Ага, как же! Наверняка ведь к утреннему приезду в присутствие князя уже будет ждать на столе обстоятельный доклад: кто, с кем, где, когда и как. Да только будет это завтра, а знать ему хочется уже сейчас.

– С десятником Плесковского полка, боярином Головой.

– Так-так-так. – Князь нахмурился. – Может, Государева Плесковского полка?

– Ну да, – кивнул я.

– Час от часу не легче. Виталий Родионович, что вам мешало набить мор… э-э… повздорить с какими-нибудь другими офицерами? – всплеснул руками князь. – И я, дурак старый, удовольствовался лишь словами Ратьши и проверить сих господ не удосужился.

– Да в чем дело, Владимир Стоянович? – Я действительно не понял, с чего князь вдруг так разволновался.

– Понимаете, друг мой… – медленно проговорил князь. – Есть в нашей армии такое негласное деление, что ли… на старую службу и новую. Повелось так, когда предок государя нашего велел боярам всех имеющихся у них боевых холопов передать ему в полки и самим исполчаться по новому указу сам-один. А чтобы не было местнических споров о том, кому надлежит быть воеводою у тех бояр, сам стал во главе их полков, отчего и прозвано было войско Государевым. В то же время над собранными в полки холопами государь поставил своих личных бояр, кои уделы малые по его воле держали. Из них-то и выросла новая армия, или, как стали их позже называть, полки новой службы. Так они и существуют по сию пору. Правда, старой службы, то есть государевых полков у нас ныне всего четыре наберется, но гонору в них боярского да местнического… В общем, готовьтесь, Виталий Родионович. Коли сослуживцы того десятника сочтут, что вы весь Государев Плесковский полк оскорбили, каждый день станете в круг выходить, пока в полку офицеры не переведутся или вы сами в сыру-землю не ляжете.

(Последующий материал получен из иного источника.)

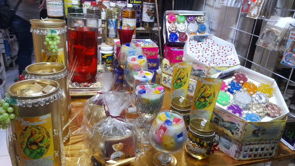 Para ello, algunos recurren a los mercados en busca de amuletos que les llene de buena suerte y bendiciones nos comentó en entrevista Sandra Padilla del local «El divino niño’.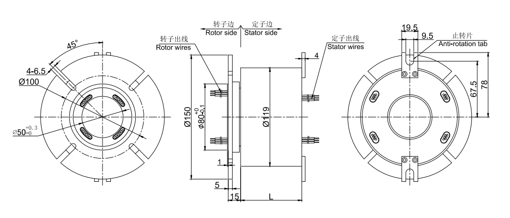 ● 外徑119mm, 通孔直徑為50mm(適用于<=50mm)的標準系列整體式精密導電滑環(huán)。*注意:如需<50mm的內孔,可通過加內襯軸套解決。

– А могут и не счесть? – Я приподнял бровь. Хоть лекция о «паркетных полках» меня и впечатлила, но возможность ежедневных дуэлей вместо тренировок под руководством Тишилы как-то не прельщала. А посему надо бы попробовать отвертеться от чести прослыть убийцей полка… Самонадеянно? Так ведь я же говорю, сражаться с ними на саблях я не намерен, а на ножах, думаю, шансов у господ офицеров будет немного, тем более у таких, как эти – «дворцовая гвардия», блин.

– Могут, – согласно наклонил голову князь. – Но тут уж как решит офицерское собрание полка… А повлиять на него не в силах даже государь, хоть и является он по традиции полковником плесковичей. Так-то, Виталий Родионович.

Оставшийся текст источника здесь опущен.